Lab exercise 10
This week the homework is much less guided, you may need to improvise and use the knowledge that you gained during the semester.
1, Loading data (1 point)
- A, Download the data from the following URL: https://archive.ics.uci.edu/ml/machine-learning-databases/00477/Real%20estate%20valuation%20data%20set.xlsx
- B, For more information, read https://archive.ics.uci.edu/ml/datasets/Real+estate+valuation+data+set#
- C, Check the data in Excel and then load it to Python via Pandas
- D, Check for missing data and handle them reasonably, if you find any
- E, Split the data to train and test part (2012 is the train, 2013 is the test).
2, Visualize the data (2.5 points)
- Create meaningful visualization for the data to understand what it contains.
- Do not use any machine learning models here, only creative, meaningful charts.
- Create publication quality plots, that are fully understandable without looking at the code that generated them.
3, Unsupervised modeling (2.5 points)
- A, Try at least two different unsupervised machine learning techniques to reveal the inner structure of the data.

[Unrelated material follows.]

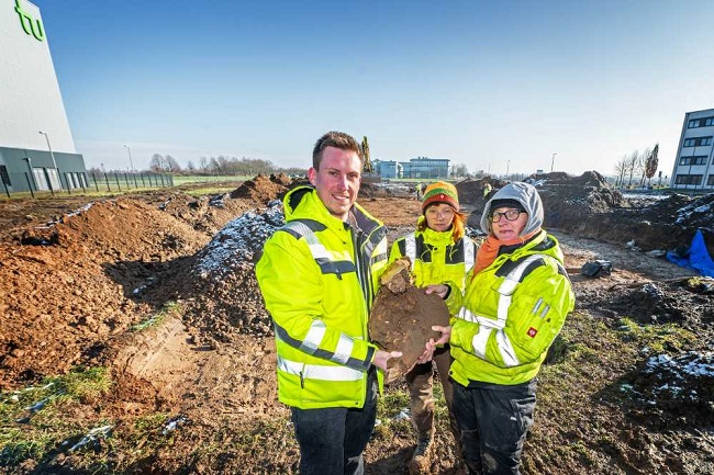 Arkeoloji ekibi (soldan sağa): Jan Rosbeck (Şehir Arkeoloğu), Rebecca Mehmen (Ruhr Üniversitesi Bochum Arkeoloji öğrencisi) ve Martha zur-Schaepers (Kazı Direktörü), kazılan bir at kafatasını sunuyor. Fotoğraf: Dortmund Belediyesi / Roland Gorecki

- B, Are there any clusters of the houses? What are those clusters? (smaller in-the-city flats vs larger outskirt houses?)
- Do not forget, sometimes scaling the data helps!
- Use both 2012 and 2013 data for this task.
4, Supervised modeling (4 points)
- A, Try different models to predict the ‘Y house price of unit area’.
- B, Select a proper metric to measure the goodness of your predictions.
- C, Tune the hiperparameters for at least 2 selected models.
- Use data from 2012 to train the models and also for hiperparameter tuning!
- Use data from 2013 only for evaluating your models!
- D, What is the best MAE (mean absolute error) for the price of unit area that you could achieve?
- E, Check the errors of the predictions. Is there a specific which kind of houses for that your model works much better or worse?